Copy exactly, and only, the lines between the start of the entries below and the line containing "中國第一批做毫米波雷達的創業", both inclusive. Omit pictures.

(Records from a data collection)
◇ ◇ ◇ ◇ ◇ ◇ ◇

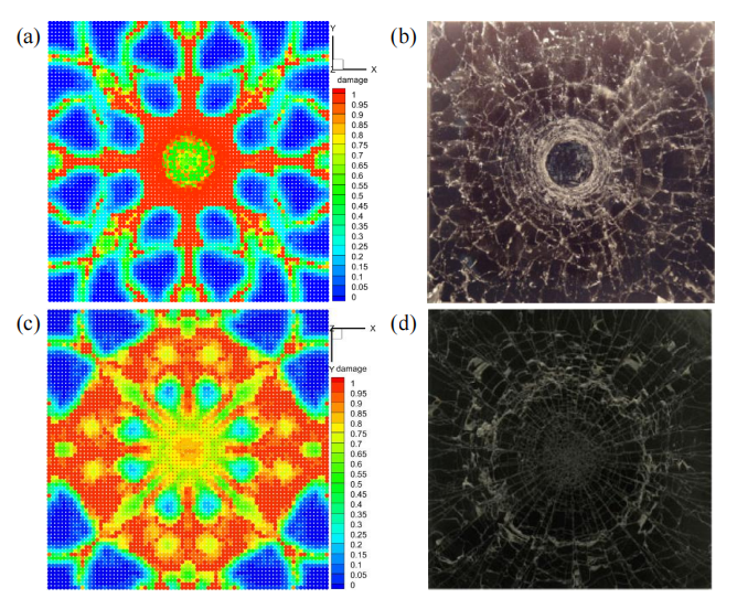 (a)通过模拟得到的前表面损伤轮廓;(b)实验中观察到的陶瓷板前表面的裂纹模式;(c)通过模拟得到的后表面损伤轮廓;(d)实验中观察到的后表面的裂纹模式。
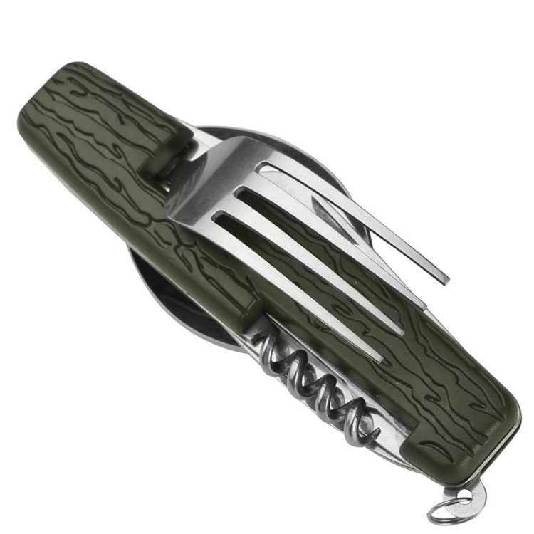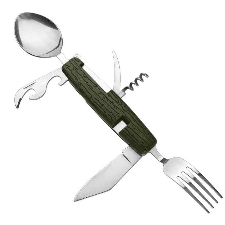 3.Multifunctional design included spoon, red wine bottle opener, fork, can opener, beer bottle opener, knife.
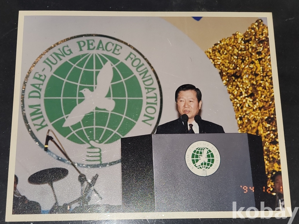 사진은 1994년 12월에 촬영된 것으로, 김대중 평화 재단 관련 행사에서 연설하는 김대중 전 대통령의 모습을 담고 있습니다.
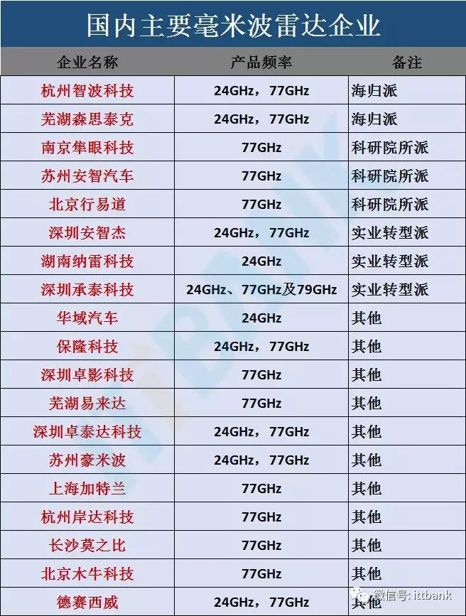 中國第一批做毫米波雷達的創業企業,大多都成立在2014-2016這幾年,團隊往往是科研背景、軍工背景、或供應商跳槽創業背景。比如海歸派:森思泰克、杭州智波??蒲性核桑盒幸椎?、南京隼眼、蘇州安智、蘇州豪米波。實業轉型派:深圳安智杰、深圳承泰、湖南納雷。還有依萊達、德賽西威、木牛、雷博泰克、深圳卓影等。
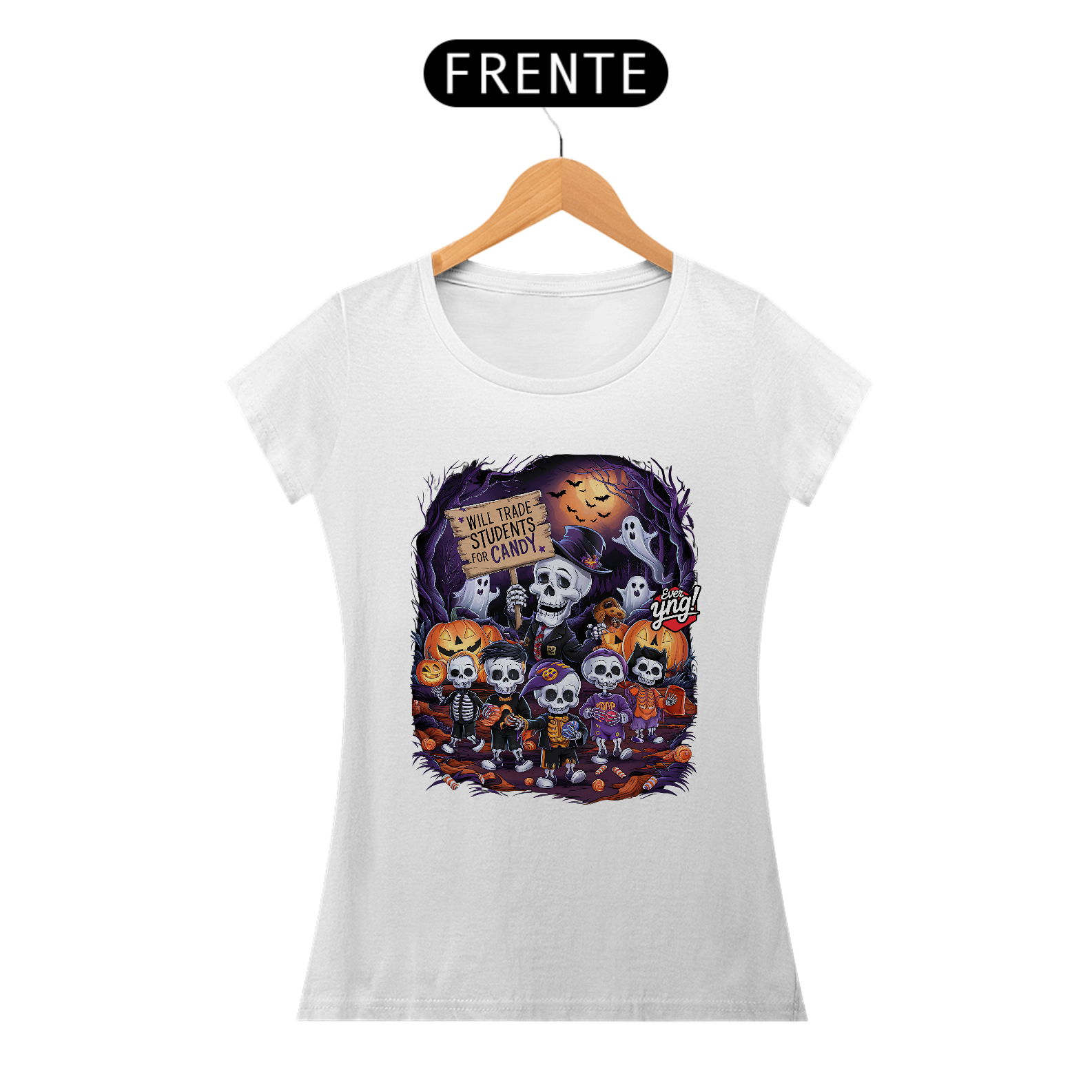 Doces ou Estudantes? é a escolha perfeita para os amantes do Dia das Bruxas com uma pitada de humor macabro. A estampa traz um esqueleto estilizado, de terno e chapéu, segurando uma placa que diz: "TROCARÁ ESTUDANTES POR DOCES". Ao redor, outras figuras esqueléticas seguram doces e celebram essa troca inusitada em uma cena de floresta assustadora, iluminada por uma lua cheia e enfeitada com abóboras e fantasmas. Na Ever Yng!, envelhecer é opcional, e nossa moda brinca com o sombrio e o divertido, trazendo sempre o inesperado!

◇ ◇ ◇ ◇ ◇ ◇ ◇

WRITTEN ANSWER:
 (a)通过模拟得到的前表面损伤轮廓;(b)实验中观察到的陶瓷板前表面的裂纹模式;(c)通过模拟得到的后表面损伤轮廓;(d)实验中观察到的后表面的裂纹模式。
 3.Multifunctional design included spoon, red wine bottle opener, fork, can opener, beer bottle opener, knife.
 사진은 1994년 12월에 촬영된 것으로, 김대중 평화 재단 관련 행사에서 연설하는 김대중 전 대통령의 모습을 담고 있습니다.
 中國第一批做毫米波雷達的創業企業,大多都成立在2014-2016這幾年,團隊往往是科研背景、軍工背景、或供應商跳槽創業背景。比如海歸派:森思泰克、杭州智波??蒲性核桑盒幸椎?、南京隼眼、蘇州安智、蘇州豪米波。實業轉型派:深圳安智杰、深圳承泰、湖南納雷。還有依萊達、德賽西威、木牛、雷博泰克、深圳卓影等。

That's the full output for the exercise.